Of course, it would've been no fun without Betty, my love, my wife and companion now for almost 45 years. The first day in Copenhagen we just happened to find a private boat with her name on the life preserver...how appropriate for the theme of this my last post on this blog. We celebrated alittle early with a rare and exquisite alexandrite pendant we found duty free on board ship. We had been looking for just the right one (birthstone) for years. One in a million have a real one from Russia. We also found a drawing of a symbol of our love in an airplane magazine. Brett, our jeweler son, is going to make it for us to share from the gold of my wedding ring I had to cut off.

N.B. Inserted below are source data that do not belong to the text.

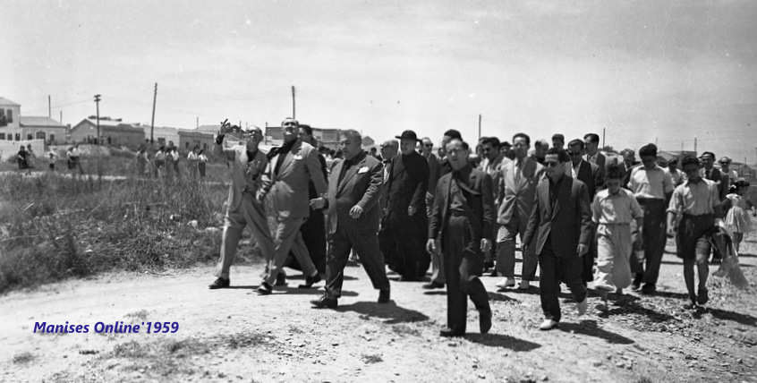 Al Alcalde de Manises le acompañaba el Cura de la Parroquia de San Juan Bautista Don José Granell Cardo, el Cura de la nueva (desde el 21.11.1957) Parroquia del Inmaculado Corazón de María Don Joaquín Montes Mollá, otros cargos civiles maniseros y José María Marticorena Ruiz corresponsal del periódico LEVANTE en Nuestra Ciudad. También estaba recibiéndolo la Reina de las Fiestas de Manises, la señorita Carmen Luisa Barberà Nolla, la Corte de Honor y los Clavarios de les fiestas.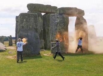 Vernice arancione sulle pietre di Stonehenge. Blitz degli attivisti di Just Stop Oil nel sito, patrimonio dell'Unesco, in Inghilterra. Due persone sono entrate in azione prima del solstizio di estate, come rende noto l'organizzazione, per chiedere al governo britannico di siglare impegni vincolanti per eliminare i carburanti fossili entro il 2023.Â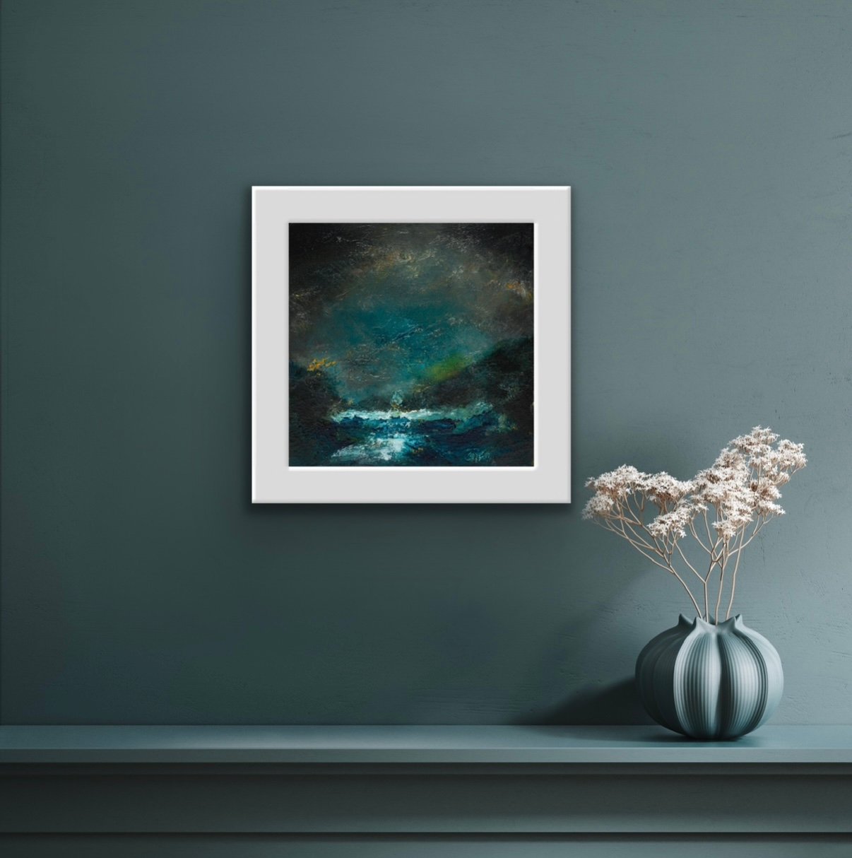 This is a hand-painted white wooden float frame. Please see the reference photograph for the actual frame.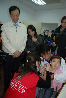 台当局行政机构副负责人朱立伦前往桃园县龟山乡卫生所及大园乡圳头小学视察甲型H1N1流感疫苗施打情形,朱立伦先向准备施打的小朋友加油及鼓励,也对于整个施打作业进行了解,对于医护等人员的全力配合相当肯定。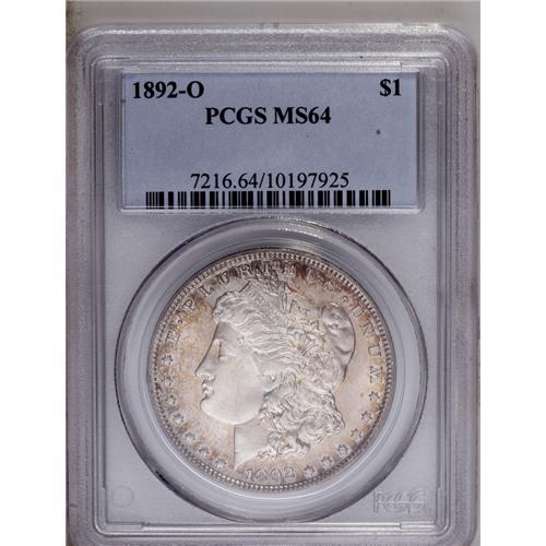 <B>1892-O<img border='0' src='http://www.heritagecoins.com/images/star.gif' width=10 height=10>$1> MS64 PCGS.</B></I> This is an aesthetically pleasing near-Gem with gray-tinged centers and golden-russet peripheral shadings that are more extensive on the reverse. Softly struck in the centers, as often seen on this issue.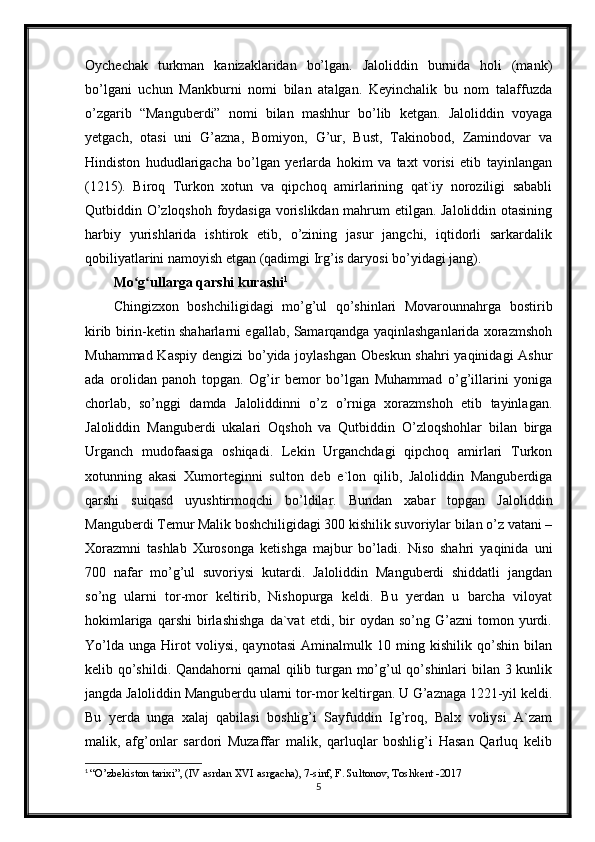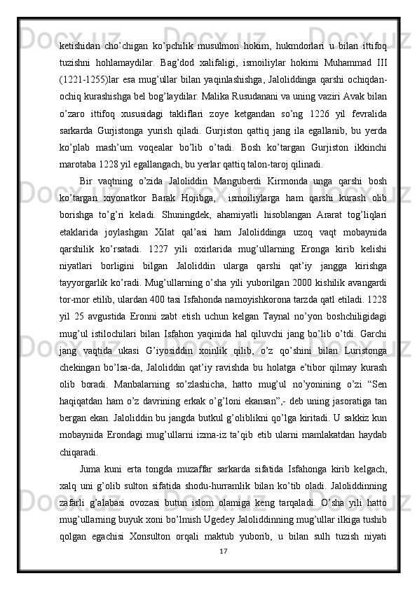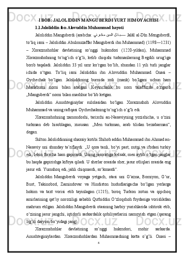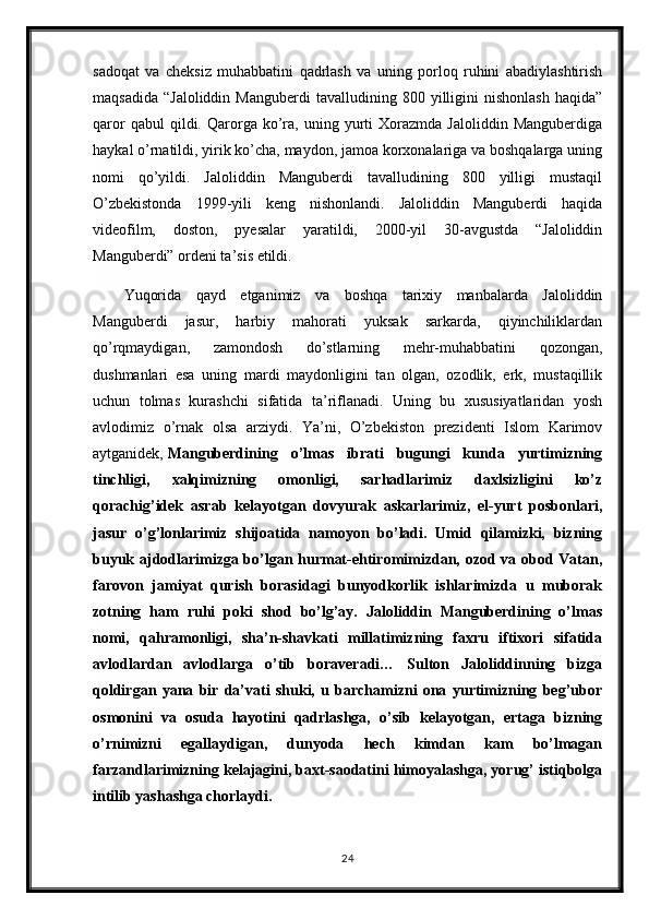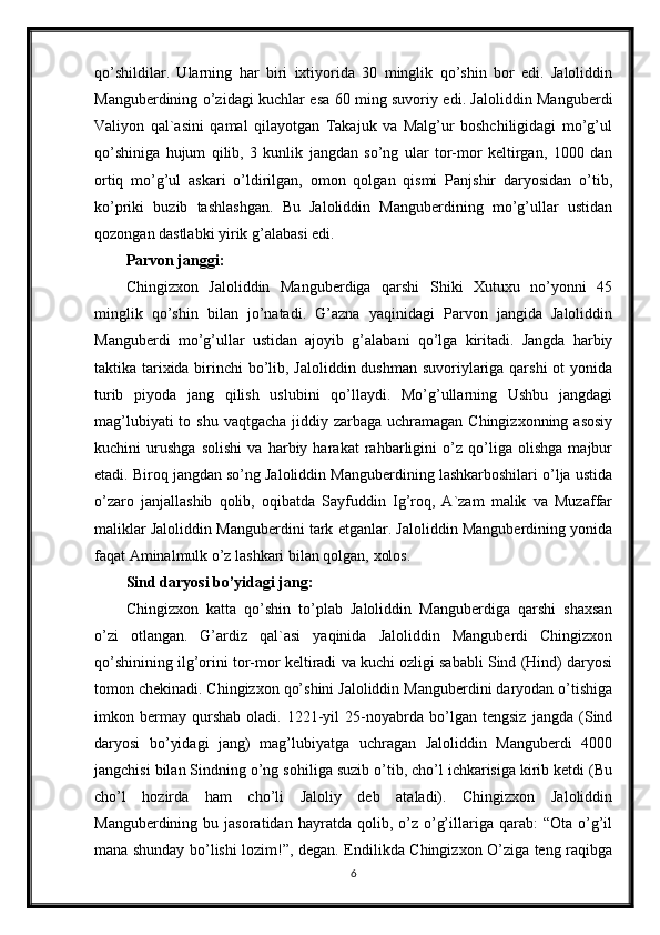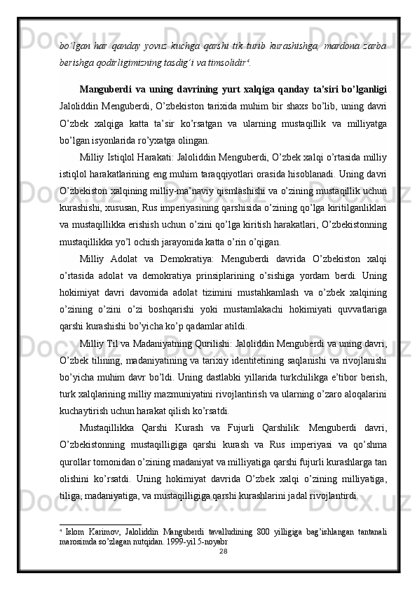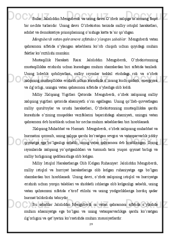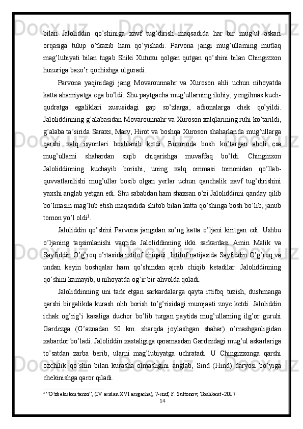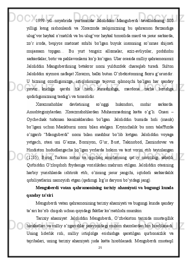 Jaloliddin Manguberdi vatan ozodligi uchun tolmas kurashchi

So this is what we did. We greeted each day as a gift and had the best time seeing places we had always wanted to see and doing fun things and sharing our mutual joy of finally experiencing Sweden and its beautiful countryside of forests and friendly people. We had to miss Gdynia, Poland (Gdansk) because it was so stormy the ship couldn't risk docking. No matter, we had another day on board ship with lots of food and entertainment. We enjoyed cappucinos from our last cruise and this one had a card you could buy that would get you those specialty coffee drinks at a discount. We bought two "Java Jake" cards and just about used them up. We found that their idea of a cappucino was more like a latte. So we ordered double espressos and had them add spray cream to the top. Delicious. Our main barista was Olga from the Ukraine. She was so sweet and barely spoke or understood our jokes in English. She spoke with her eyes though and was so very friendly. The Troika Dancer from St. Petersburg, Russia were invited onboard for one performance they were also fabulous especially in their nightclub costumes looking like snowflakes. They were hard to capture on film. So were so many of my attempts at pictures in the Hermitage and the Gold Room. We had an excellent guide who had just graduated from the University there majoring in Cultural History. I hope she finds a job.


One thing we did not share was my tour of backstage on the ship. It was fascinating to me and not of interest to Betty. I had lots of questions for the Stage/Production Manager. It is all state of the art and no one pulls a rope...digital machines to within 1/16 th of an inch. The sound and light designs and special effects (pyro too) were out of this world. Costumes and makeup are the responsibility of each member of the cast. (few props)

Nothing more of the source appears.